Linear Topic Modeling

The interest in learning some kind of topics from a corpus of documents started from the publication of Latent Semantic Analysis (LSA) [Deerwester90], also called Latent Semantic Indexing (LSI) in the context of information retrieval.

LSA is a linear method based on the factorization of the document-word matrix $\boldsymbol X$, where $x_{dw}$ is the count of occurrences of word $w$ in document $d$. The goal is to find a low-rank approximation $\tilde{\boldsymbol X}$ of $\boldsymbol X$ factorizing it into two matrices, one representing the documents, and the other the topics.

In this model, documents are converted to the bag-of-words format which ignores the ordering of words and only keeps the word counts.

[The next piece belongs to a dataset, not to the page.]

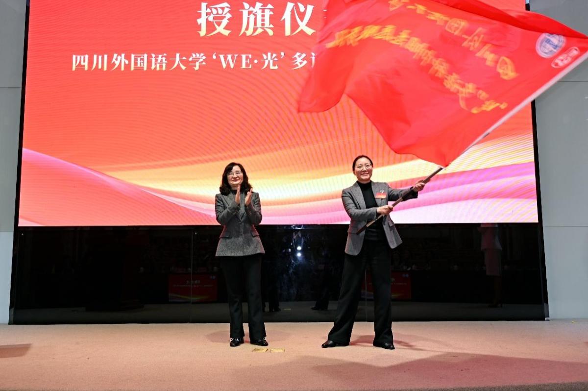 Zang Xiumei überreichte die Fahne an das neu gegründete mehrsprachige Freiwilligenteam "WE·" der SISU.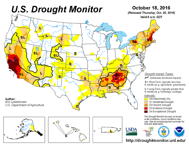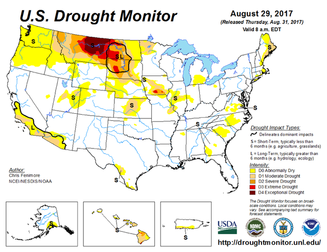 [図表2]全米の干ばつの状況(2017年8月29日現在)

Singular Value Decomposition.

The most common way is to use the Singular Value Decomposition (SVD) of

\[\boldsymbol X = \boldsymbol U \boldsymbol \Sigma \boldsymbol V^T\]

where $\boldsymbol U$ and $\boldsymbol V$ are orthonormal matrices and $\boldsymbol \Sigma$ is diagonal. By selecting only the $K$ largest singular values from $\boldsymbol \Sigma$ and the corresponding vectors in $\boldsymbol U$ and $\boldsymbol V^T$, we get the best rank $K$ approximation of matrix $\boldsymbol X$ according to the loss $\Vert \boldsymbol X - \tilde{\boldsymbol X}\Vert_2^2$. Rows of $\boldsymbol U$ represent documents in a $K$-dimensional space, and columns of $\boldsymbol V^T$ represents the topics in the same space. Each document can be expressed as a linear combination of topics.

Non-negative Matrix Factorization.

Another common approach is to use use Non-negative Matrix Factorization (NMF) on the document-word matrix $\boldsymbol X$ [Lee99] [Pauca04]. Here, $\tilde{\boldsymbol X} = \boldsymbol U \boldsymbol V$ where $\boldsymbol U$ represents the topics and $\boldsymbol V$ the documents, both being non-negative matrices.